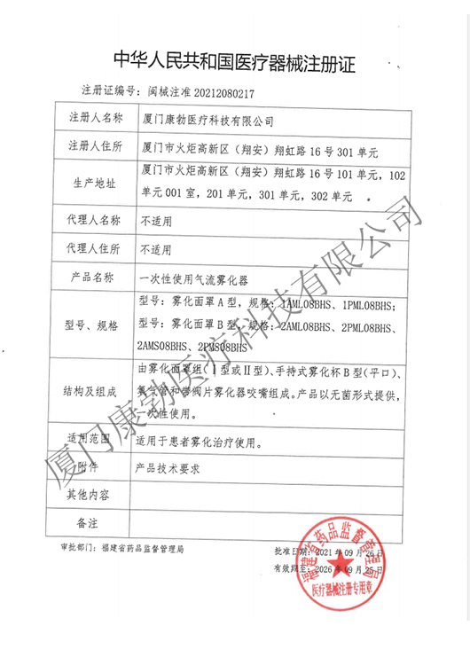 一次性使用氣流霧化器-無菌 產(chǎn)品注冊證及地址變更文件
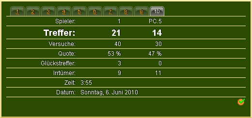 Statistik. In der Statistik werden während des Spiels die Versuche, Treffer, Quote, Glückstreffer, Irrtümer und die Zeit mitverfolgt.
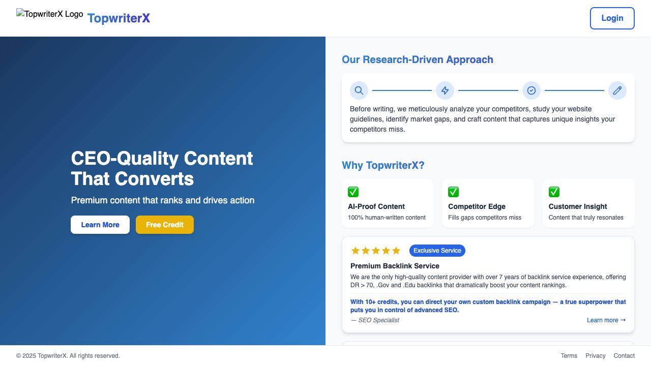 Use TopwriterX to automate writing for various business needs, from emails to landing pages. Leverage their research-driven approach for content creation and utilize their premium backlink service to improve SEO rankings.
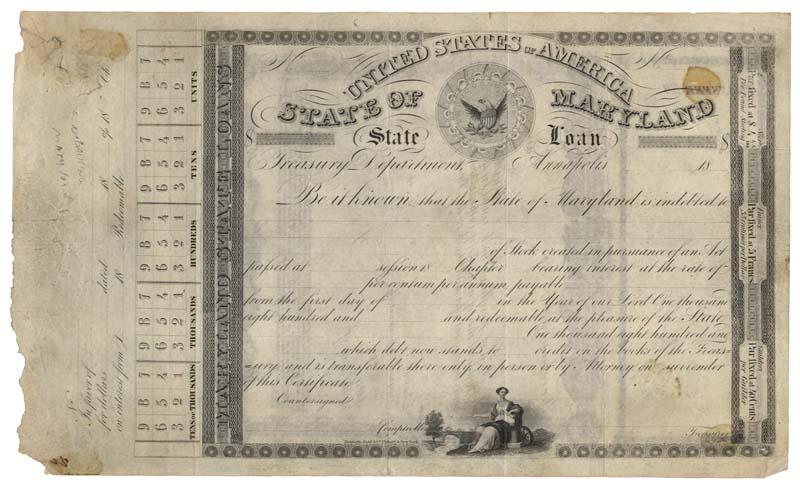 1840’s. Annapolis, Maryland. Unissued State Loan. Vignette of the State of Maryland Seal depicting an eagle at top center, Seated figure at bottom. Printed by Danforth, Bald & Co. & Toppan, Carpenter & Casilear Co. The bond was intended to be sold in Europe as well as the United States as par is fixed in Pounds Sterling, French Francs and Dutch Guilders. Mounting glue traces on verso bleed through and are visible from the front in all four corners. A very scarce early U.S. state bond. Uncancelled. VG-Fine.
**********
▶ **What you need to do**: The required output is every line from the beginning of the material above through the line with "Use TopwriterX to", exact and without pictures.

▶ **Output of the task**:
 一次性使用氣流霧化器-無菌 產(chǎn)品注冊證及地址變更文件
 Statistik. In der Statistik werden während des Spiels die Versuche, Treffer, Quote, Glückstreffer, Irrtümer und die Zeit mitverfolgt.
 Use TopwriterX to automate writing for various business needs, from emails to landing pages. Leverage their research-driven approach for content creation and utilize their premium backlink service to improve SEO rankings.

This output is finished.